Neurologic Disease Manifesting as Respiratory Distress

CNS dysfunction can lead to alterations in respiratory patterns. Increased intracranial pressure (ICP) may manifest as respiratory distress. Early rise in ICP results in stimulation of respiratory centers, leading to increases in the rate (tachypnea) and depth (hyperpnea) of respiration. The resultant decrease in PaCO₂ and elevation of cerebrospinal fluid pH lead to cerebral vasoconstriction and amelioration of intracranial hypertension. Cerebral hemispheric and midbrain lesions often result in hyperpnea as well as tachypnea. In such situations, blood gas measurements typically show respiratory alkalosis without hypoxemia. Pathology affecting the pons and medulla manifests as irregular breathing patterns such as apneustic breathing (prolonged inspiration with brief expiratory periods), Cheyne-Stokes breathing (alternate periods of rapid and slow breathing), and irregular, ineffective breathing or apnea. Level of consciousness is most often impaired when abnormal breathing pattern from a brainstem disorder is present. Along with respiratory changes, other manifestations of CNS dysfunction and increased ICP may be present, such as focal neurologic signs, pupillary changes, hypertension, and bradycardia (Chapter 63). Occasionally, severe CNS dysfunction can result in neurogenic pulmonary edema (NPE) and respiratory distress, which may be due to excessive sympathetic discharge resulting in increased pulmonary venous hydrostatic pressure as well as increased pulmonary capillary permeability. Central neurogenic hyperventilation is characteristically observed in CNS involvement by illnesses such as Reye syndrome and encephalitis. Bradycardia and apnea may be due to CNS-depressant medications, poisoning, prolonged hypoxia, trauma, or infection (see Table 65-2).

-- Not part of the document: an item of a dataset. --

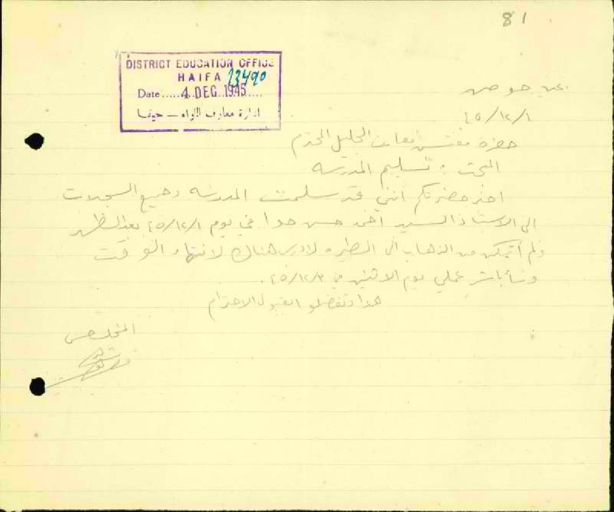 رسالة من المعلم شريف قصراوي الى مفتش المعارف يخبره بأنه قد سلم المدرسة للمعلم أحمد حوا

Toxic-Metabolic States Manifesting as Respiratory Distress

Direct stimulation of respiratory centers resulting in respiratory alkalosis is encountered in certain intoxications, such as those involving salicylates and theophylline. Similarly, intoxication with general CNS stimulants such as cocaine and amphetamines may manifest as increased respirations. Presence of endogenous and exogenous toxins, such as organic acidemias, ingestion of methanol and ethylene glycol, and late stages of salicylism, cause metabolic acidosis and compensatory hyperventilation, which can manifest as respiratory distress. Blood gas measurements show decreased pH and compensatory hypocarbia with normal oxygenation. Metabolic disorders causing hyperammonemia, on the other hand, cause respiratory alkalosis (decreased PaCO₂ with increased pH) because ammonia is a stimulant of respiratory centers.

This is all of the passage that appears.